Given data =
══════

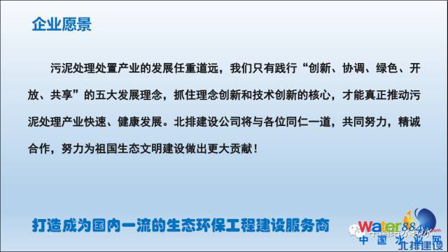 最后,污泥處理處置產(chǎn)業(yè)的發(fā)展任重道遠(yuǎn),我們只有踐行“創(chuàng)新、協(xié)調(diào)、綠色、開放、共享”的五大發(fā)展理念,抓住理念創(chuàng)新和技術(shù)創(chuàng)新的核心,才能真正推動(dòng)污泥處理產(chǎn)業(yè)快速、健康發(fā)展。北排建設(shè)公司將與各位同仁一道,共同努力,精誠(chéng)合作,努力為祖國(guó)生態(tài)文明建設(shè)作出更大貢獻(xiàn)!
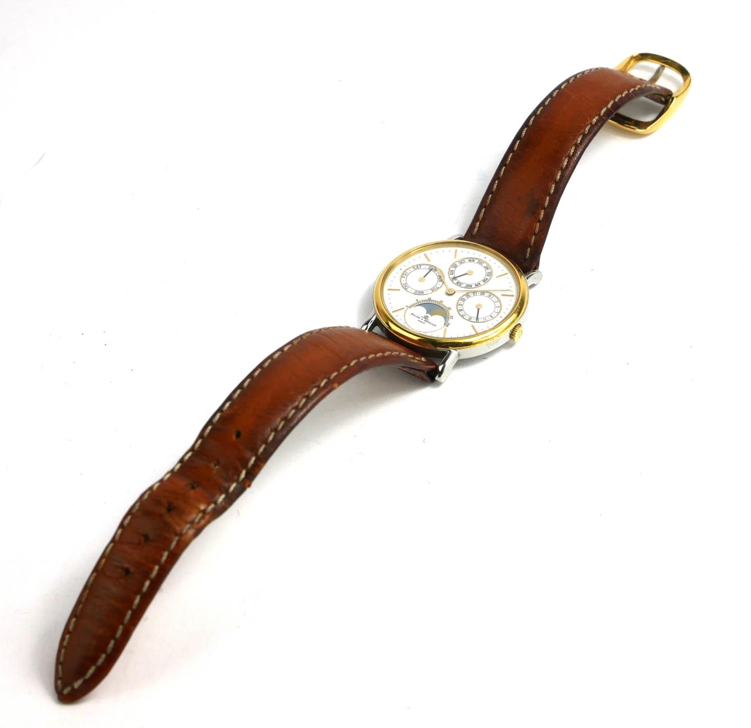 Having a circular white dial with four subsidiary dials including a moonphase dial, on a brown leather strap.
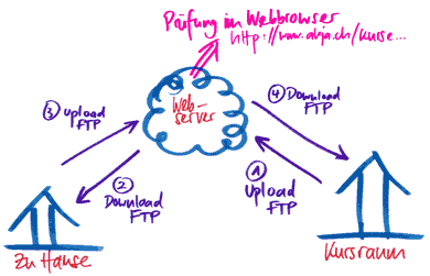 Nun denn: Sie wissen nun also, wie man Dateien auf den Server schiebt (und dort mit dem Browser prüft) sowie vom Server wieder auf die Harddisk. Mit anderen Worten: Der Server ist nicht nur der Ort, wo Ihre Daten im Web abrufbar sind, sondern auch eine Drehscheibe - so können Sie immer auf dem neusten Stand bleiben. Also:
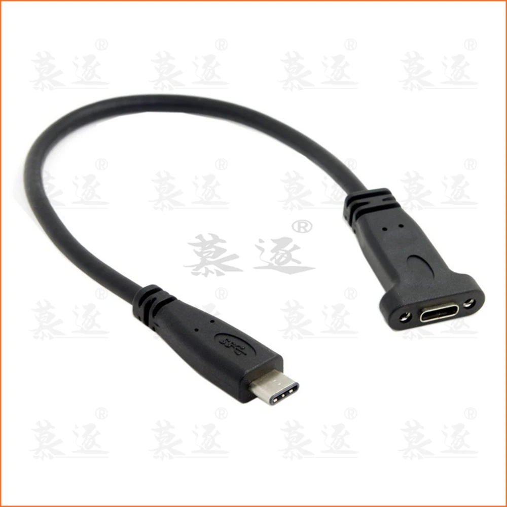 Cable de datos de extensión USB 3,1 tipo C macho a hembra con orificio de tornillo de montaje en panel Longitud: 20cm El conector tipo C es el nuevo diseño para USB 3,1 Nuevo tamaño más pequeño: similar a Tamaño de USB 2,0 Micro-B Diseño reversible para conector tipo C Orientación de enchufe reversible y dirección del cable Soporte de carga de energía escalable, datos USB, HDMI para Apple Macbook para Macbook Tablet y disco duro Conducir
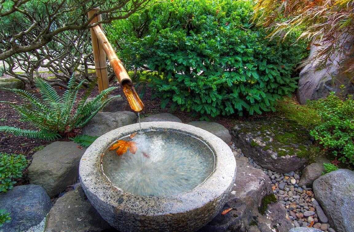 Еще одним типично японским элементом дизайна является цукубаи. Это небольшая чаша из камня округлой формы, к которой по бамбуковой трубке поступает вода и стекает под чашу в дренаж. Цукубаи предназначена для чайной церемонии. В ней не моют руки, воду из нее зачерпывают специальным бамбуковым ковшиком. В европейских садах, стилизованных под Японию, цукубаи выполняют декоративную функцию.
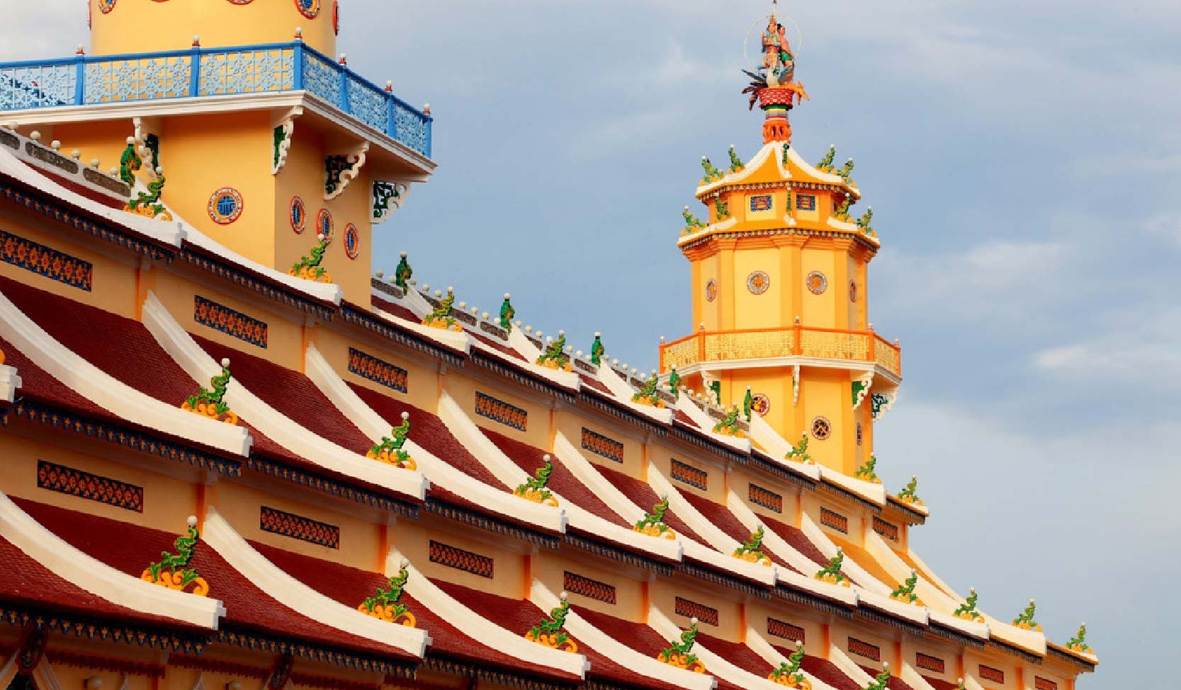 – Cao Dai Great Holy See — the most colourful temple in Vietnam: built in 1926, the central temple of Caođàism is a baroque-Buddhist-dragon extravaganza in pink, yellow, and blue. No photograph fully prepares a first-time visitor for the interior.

══════

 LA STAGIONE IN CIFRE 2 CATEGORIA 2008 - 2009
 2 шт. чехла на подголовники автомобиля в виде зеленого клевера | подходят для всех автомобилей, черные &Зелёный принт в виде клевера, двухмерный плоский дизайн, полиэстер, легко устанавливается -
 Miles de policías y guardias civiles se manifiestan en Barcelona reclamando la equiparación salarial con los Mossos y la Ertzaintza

══════

Exercise details = Reprint exactly the lines above that start at the one with "2 шт. чехла" and end at the one with "Miles de policías", keeping both and adding none.

Task answer =
 2 шт. чехла на подголовники автомобиля в виде зеленого клевера | подходят для всех автомобилей, черные &Зелёный принт в виде клевера, двухмерный плоский дизайн, полиэстер, легко устанавливается -
 Miles de policías y guardias civiles se manifiestan en Barcelona reclamando la equiparación salarial con los Mossos y la Ertzaintza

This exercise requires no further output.